A barragem de Odelouca estimulou uma guerra de trincheiras entre ambientalistas, que queriam travar o projecto, o Governo, que era o dono da obra, e a Comissão Europeia, que iria financiá-la. A obra chegou a estar suspensa e só foi adiante depois de várias alterações no projecto e de uma medida de compensação central: a construção de um centro de reprodução do lince ibérico, de onde vem Jacarandá, um dos linces que serão libertados esta terça-feira na zona de Mértola.

Na prática, foi preciso destruir uma zona de alta importância para os linces para os ter de volta. “Infelizmente, isto não é prova de maior eficácia das políticas de conservação”, avalia Jorge Palmeirim. “É lamentável, mas apesar de tudo é positivo.

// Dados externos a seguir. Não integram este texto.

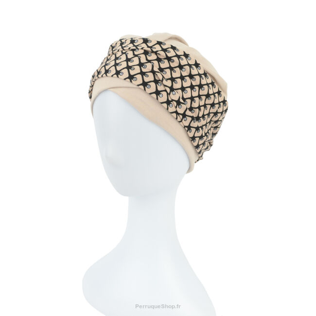Turban classique destiné à un usage quotidien. Son tissu léger et aéré permet à la peau du cuir chevelu de respirer, même par fortes chaleurs. Un bandeau décoratif noué à l’arrière donne de la forme et du caractère à la coiffure.

Dificilmente iríamos no curto prazo ter animais para fazer o repovoamento em Portugal”, completa.

Por mais decisivo que tenha sido, o paradoxal empurrão da barragem de Odelouca talvez não tivesse existido sem o trabalho prévio da campanha da Malcata em 1979. “Foi o ponto de viragem por parte da sociedade no reconhecimento da importância da conservação da natureza em Portugal”, diz Jorge Palmeirim.